We say that an operator $op_1$ has a higher precedence than an operator $op_2$ if it must be evaluated first. Conventionally, multiplication has a higher precedence than subtraction, which rules out (x - (y - z)) * z because the multiplication must be evaluated first. When designing our syntax, we need to explicitly spell out the operator precedence order. Given a precedence order, we can modify the grammar to only produce syntax trees that reflect that precedence. For example, the following grammar enforces the higher precedence of multiplication:

<expr> ::= <expr> "-" <expr> | <expr1>
<expr1> ::= <expr1> "*" <expr1> | <expr2>
<expr2> ::= "x" | "y" | "z" | "(" <expr> ")"

This grammar rules out 1.

Associativity

Fixing operator precedence does not fully eliminate the issues with ambiguity in our grammar because we can still produce multiple parse trees that differ in the associativity of subtraction. We need to spell out how operators associate—or group together—in the absence of parentheses.

An operator can be associative, left-associative, right-associative or non-associative.

An associative operator has the property that the way it is grouped in the AST does not change its semantics. Examples include multiplication and addition: $a + b + c \equiv (a + b) + c \equiv a + (b + c)$. However, in practice we want to these operators to associate either left or right so that our grammar is unambiguous.
A left-associative operator should be grouped to the left, so that the leftmost application is the deepest in the resulting AST. Examples include subtraction and division.
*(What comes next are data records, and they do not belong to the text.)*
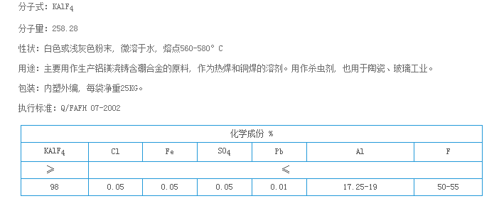 分子式:KAlF4分子量:258.28性狀:白色或淺灰色粉末, 微溶于水, 熔點560-580°C用途:主要用作生產(chǎn)鋁鎂澆鑄含硼合金的原料, 作為熱焊和銅焊的溶劑。用作殺蟲劑, 也用于陶瓷、玻璃工業(yè)。...
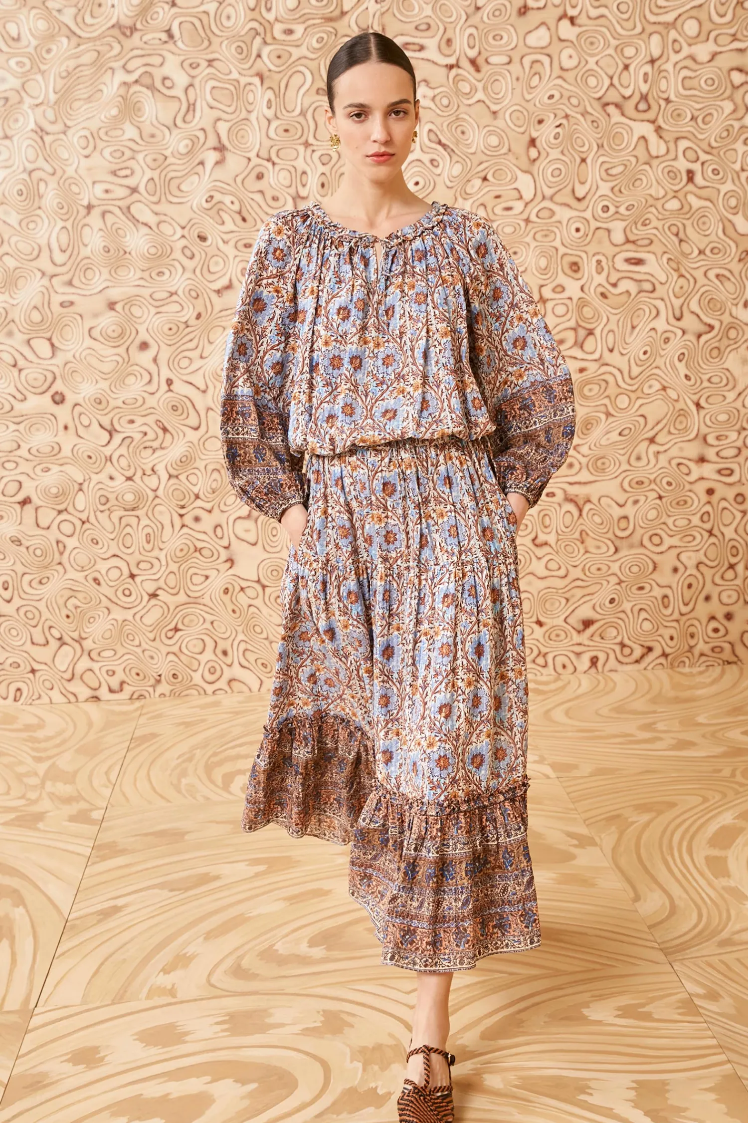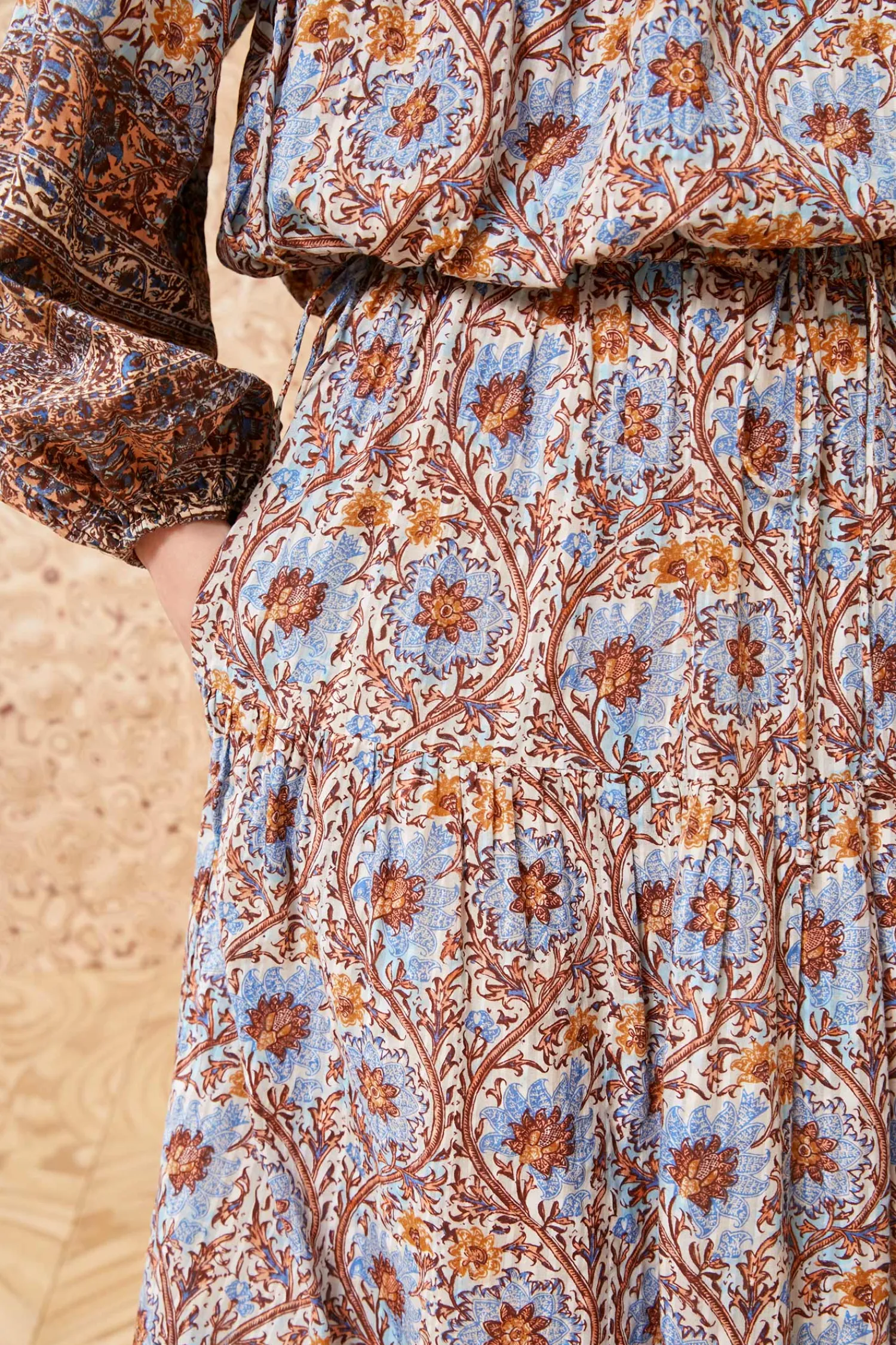 A floaty beauty, our Paige Skirt arrives in airy shadow stripe cotton with dynamic blooms rendered from a vintage Persian print—the natural blue, orange, and red hues mimic the natural dyes used in the original pattern. This midi-length style features a drawstring waist, side pockets, and pairs beautifully with our Silva Blouse.
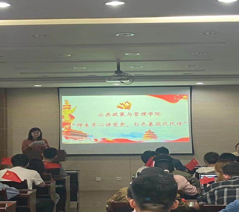 为庆祝中国共产党成立100周年,深入贯彻落实中共中央关于党史学习教育的重要部署及习近平总书记在党史学习教育动员大会上的重要讲话精神,公共政策与管理学院研究生会及各年级研究生代表于2021年9月29日晚举办“师生齐心讲党史,红色基因代代传”活动。本次活动主要由四个环节构成:老师讲党史,追溯发展来路;学生讲党史,分享所学所思;观看《伟大征程》片段,互动感受红色基因;全体合唱《我和我的祖国》,抒发爱国主义情怀。
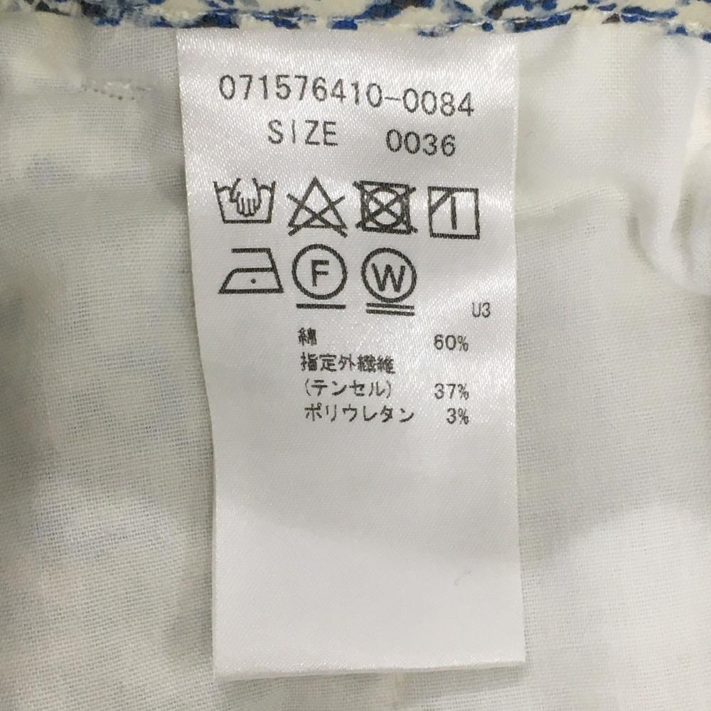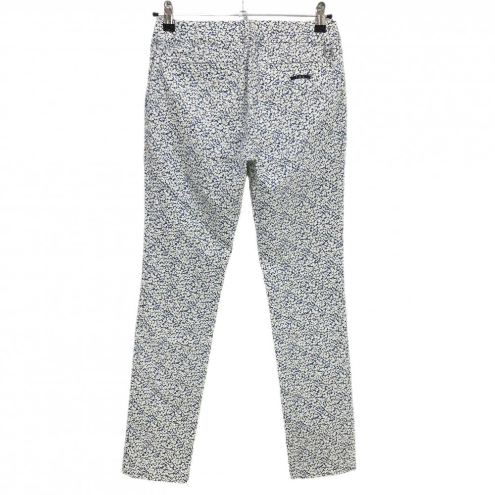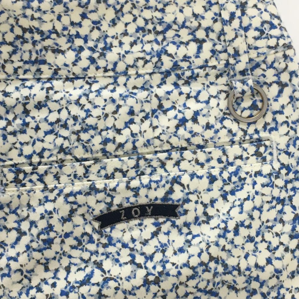 ゾーイ×LIBERTY パンツ 白×ブルー 総柄 ラインストーンロゴ レディース 36(S) ゴルフウェア ZOY
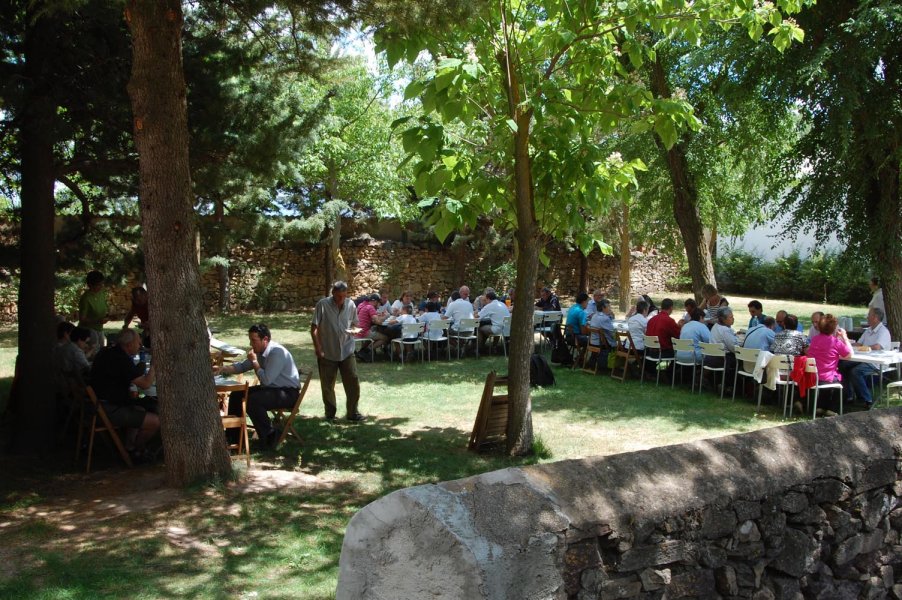 Después de visitar la catedral de Tarazona y el nacimiento del Queiles, llegaron a Trébago donde comieron al aire libre en el Coto, detrás del frontón, lugar habitual de las reuniones gastronómicas.
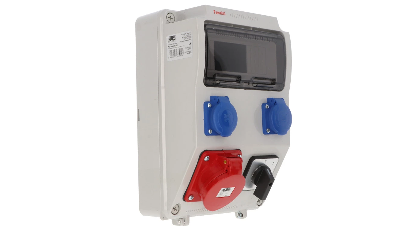 Zestaw zasilający PRYMA 9D skośna 32A/5P + 2x230V + wyłącznik 0-1 IP44 E930101520
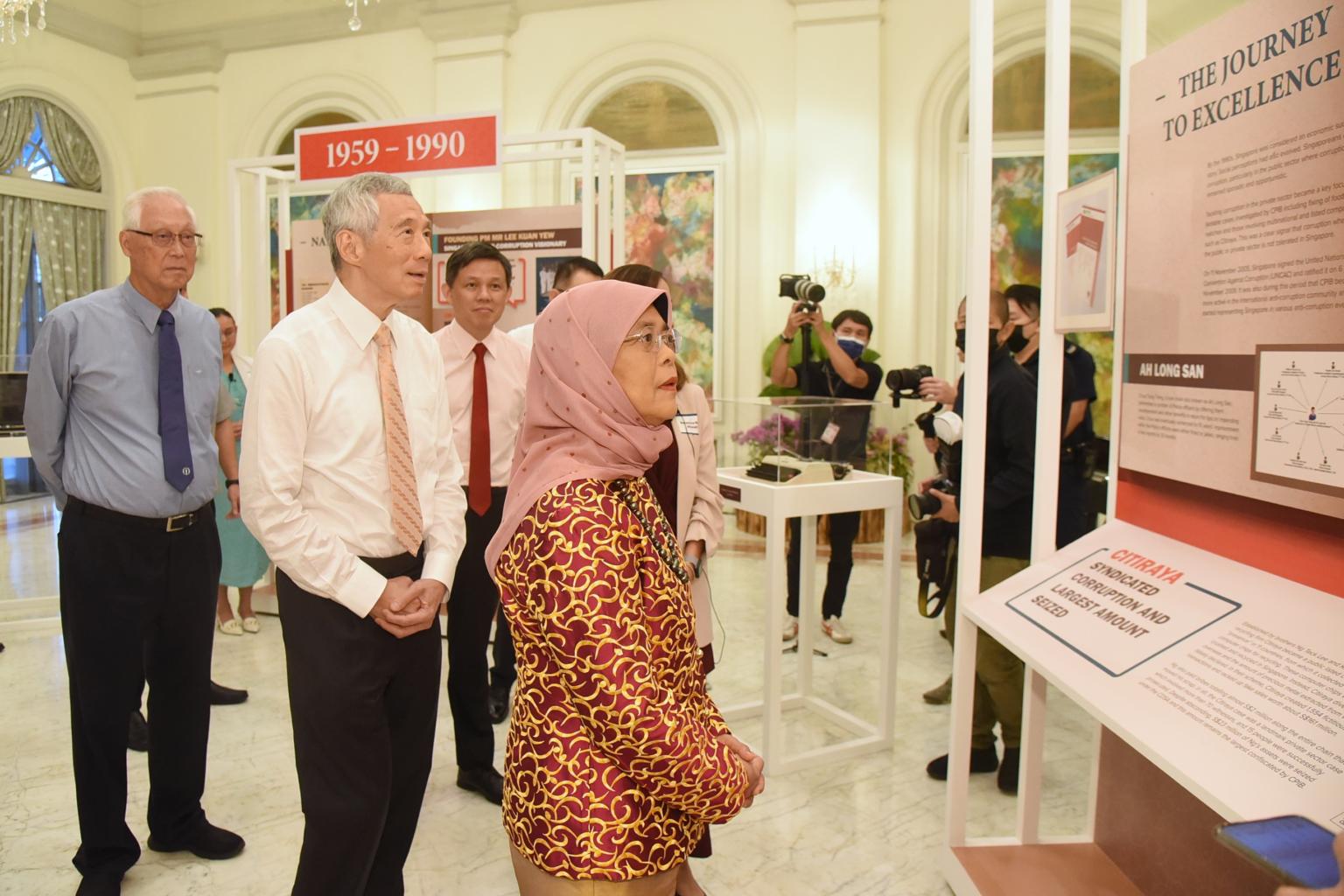 (From left) ESM Goh Chok Tong, Prime Minister Lee Hsien Loong, Minister Chan Chung Sing and President Halimah Yacob view a CPIB exhibition at the Istana on Sept 21, 2022.

For example, 1 - 2 - 3 - 4 should be read as ((1 - 2) - 3) - 4.
A right-associative operator is grouped so that the rightmost application is deepest. Examples include exponentiation and the list constructor :. For example, in Haskell we read 1 : 2 : 3 : [] as 1 : (2 : (3 : [])), and this is equivalent to the list [1,2,3].
A non-associative operator can't be chained at all, usually because it has different output and argument types. For example, in many languages comparisons like < are non-associative because they consume numbers and produce booleans.

We can further modify our grammar to enforce the appropriate associativity:

<expr> ::= <expr> "-" <expr1> | <expr1>
<expr1> ::= <expr2> "*" <expr1> | <expr2>
<expr2> ::= "x" | "y" | "z" | "(" <expr> ")"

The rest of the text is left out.